Voluntary carbon offsets have always been the Wild West of climate solutions. On paper, what they offer feels nothing short of miraculous: pay a company a small fee, and whatever you have done – whether a flight, construction project or other service – will have its emissions neutralised. But a complicated, largely unregulated market means there have long been accusations of ineffectiveness in the voluntary carbon offset market, whether due to offsets being lost, sold multiple times or simply being inaccurately measured. 

Most climate scientists therefore advise that carbon mitigation is the most reliable means of tackling climate change. But most will also now acknowledge that offsets and carbon trading will play a major role in reaching net zero. And the voluntary market is booming: nearly $2bn worth of voluntary carbon credits were traded last year, according to the non-profit Ecosystem Marketplace, nearly quadruple the figure for the previous year.

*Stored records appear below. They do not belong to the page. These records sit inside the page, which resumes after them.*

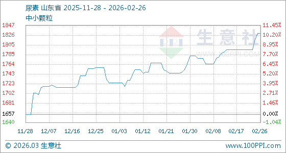 2月26日,生意社尿素基準(zhǔn)價(jià)為1830.00元/噸,與本月初(1782.50元/噸)相比,上漲了2.66%。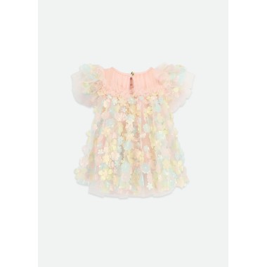 Romantic and delicate, this baby dress is made in Soft powder pink tulle, enriched by refined Three-dimensional floral applications In pastel tones that create a light, ethereal and bright effect.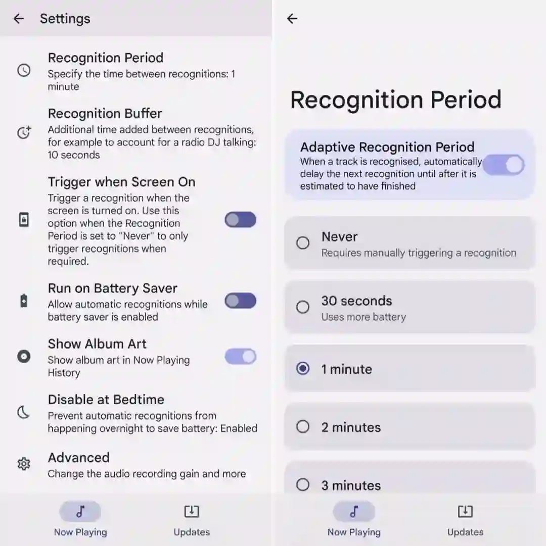 为了平衡续航和识别功能,AMM 并不是一直在录制和识别周围的背景音频,而是每间隔一段时间就启动一次录制识别,用户可以在设置中通过「Period」和「Buffer」选项来调整识别间隔以及缓冲时长。过短的时间间隔能够让识别更加灵敏,但也会带来更高的能耗,但时间过长也有可能错过广告插曲等背景音乐。如果你不希望 AMM 持续在后台监听音频,但又想尽快启动识别,可以使用「Trigger when Screen On」选项,这样只需要你在听到音频当下开启手机屏幕,AMM 将会被立即触发识别。

Seedlings at the nursery of Instituto Terra in Brazil, which over the last 20 years has reforested more than 2.5 million Atlantic seedlings. The institute partly funds its activities by issuing carbon credits to the voluntary offset market. (Photo by Christian Ender/Getty Images)

The voluntary carbon offset market can be expected to increase more than 100-fold by 2050 in a 1.5°C warming scenario, according to separate analysis from the Taskforce on Scaling Voluntary Carbon Markets, which has been shared in a 2021 report by consultancy McKinsey & Company. The authors of that same report say what the world will require is a “a voluntary carbon market that is large, transparent, verifiable, and environmentally robust”, but that what we currently have is one that is “fragmented and complex”. 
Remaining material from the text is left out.